■ **Data supplied**:
┌──

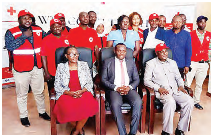
Baadhi ya wenyevitani na watumishi wa Msalaba Mwekundu, nchini wakiwa pamoja.

"Tutawasaidia watoto wawe na maisha bora. Tutawasaidia wajendeleze pale watakaposhindwa wajajiri baada ya kupatiwa mafunzo ya ufundi seremala," anaeleza Kihenzi.
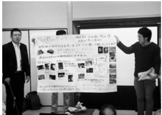
写真を多く使ったの絵地図で説明

地元の特産品のグループ「大坪ゆずがらし会」を中心に、その歴史や食べ方などを学習しました。身近な地元のことを具体的な絵地図に表すことで、地域の良さや、見失いがちな貴重な資源を再発見する良い機会となりました。
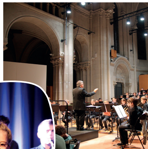
Trois jours de concerts et représentations !

Enfin, le concert se conclura par une pièce en commun regroupant l'ensemble instrumental à vent et l'orchestre d'harmonie, pour un moment de partage musical célébrant l'énergie et le plaisir de jouer ensemble.
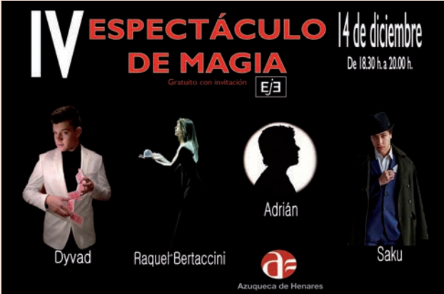
Carteles de las actividades programadas en diciembre en el EJE

Viaje al Pirineo aragonés Por otra parte, se mantiene abierta la inscripción en el
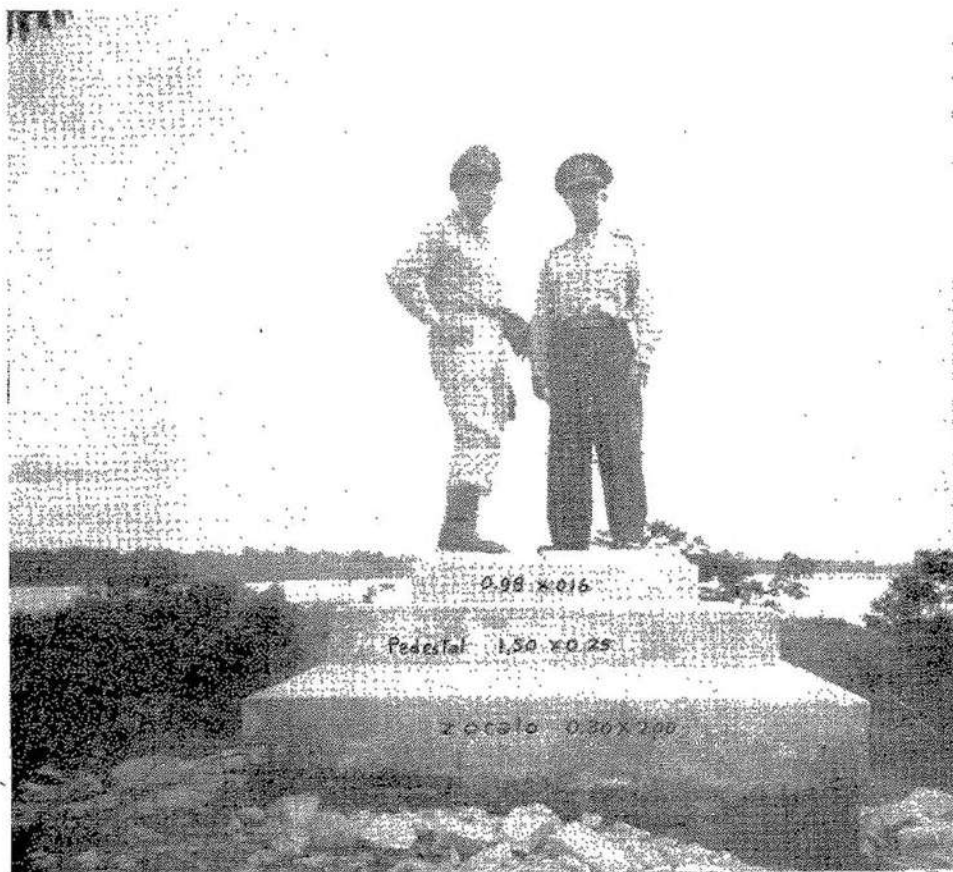
Antiguo Hito Boca Q. San Antonio.

a) El punto que marca el extremo Sur de la línea Tabatinga-Apaporis, según el Acta del cinco de diciembre de mil novecientos treinta y uno de la Comisión Mixta Colombo-Brasile-
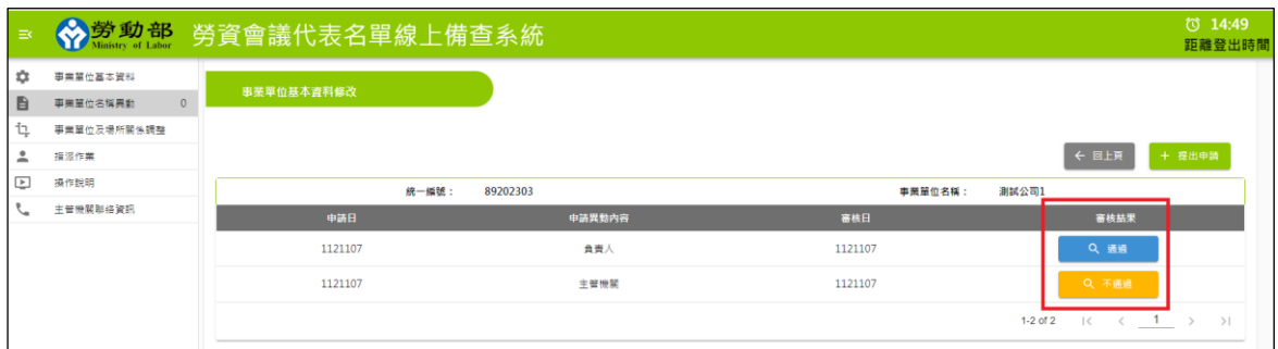
圖 2-4-3：事業單位名稱異動資料查詢
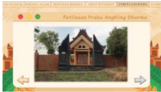
Gambar 8. Halaman kedelapan Web Patriasite

Pada halaman kedelapan ini menampilkan cerita legenda yang beredar di Bojonegoro yaitu Petilasan Prabu Angking Dharma . Terdapat tombol navigasi kiri pertanda kembali dan navigasi kanan pertanda next. Pada halaman ini diiringi dengan soundtrack jawa berupa gamelan.
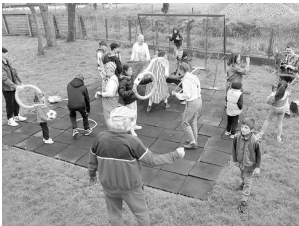
Idén több helyszínen is megfordulnak megyénkben, hogy mosolyt csaljanak gyerekek, idősek, betegek arcára

Ezen a héten több helyszínt látogatnak meg: a múlt vasárnap érkezett bohócok hétfőn Kolozsváron egy fogyatékkal élő csoport

└──

■ **About this task**:
Now transcribe the lines above exactly, starting at the line containing "Gambar 8. Halaman kedelapan Web Patriasite" and ending at the line containing "Idén több helyszínen", both lines included, pictures excluded.

■ **Solution to the exercise**:
Gambar 8. Halaman kedelapan Web Patriasite

Pada halaman kedelapan ini menampilkan cerita legenda yang beredar di Bojonegoro yaitu Petilasan Prabu Angking Dharma . Terdapat tombol navigasi kiri pertanda kembali dan navigasi kanan pertanda next. Pada halaman ini diiringi dengan soundtrack jawa berupa gamelan.
Idén több helyszínen is megfordulnak megyénkben, hogy mosolyt csaljanak gyerekek, idősek, betegek arcára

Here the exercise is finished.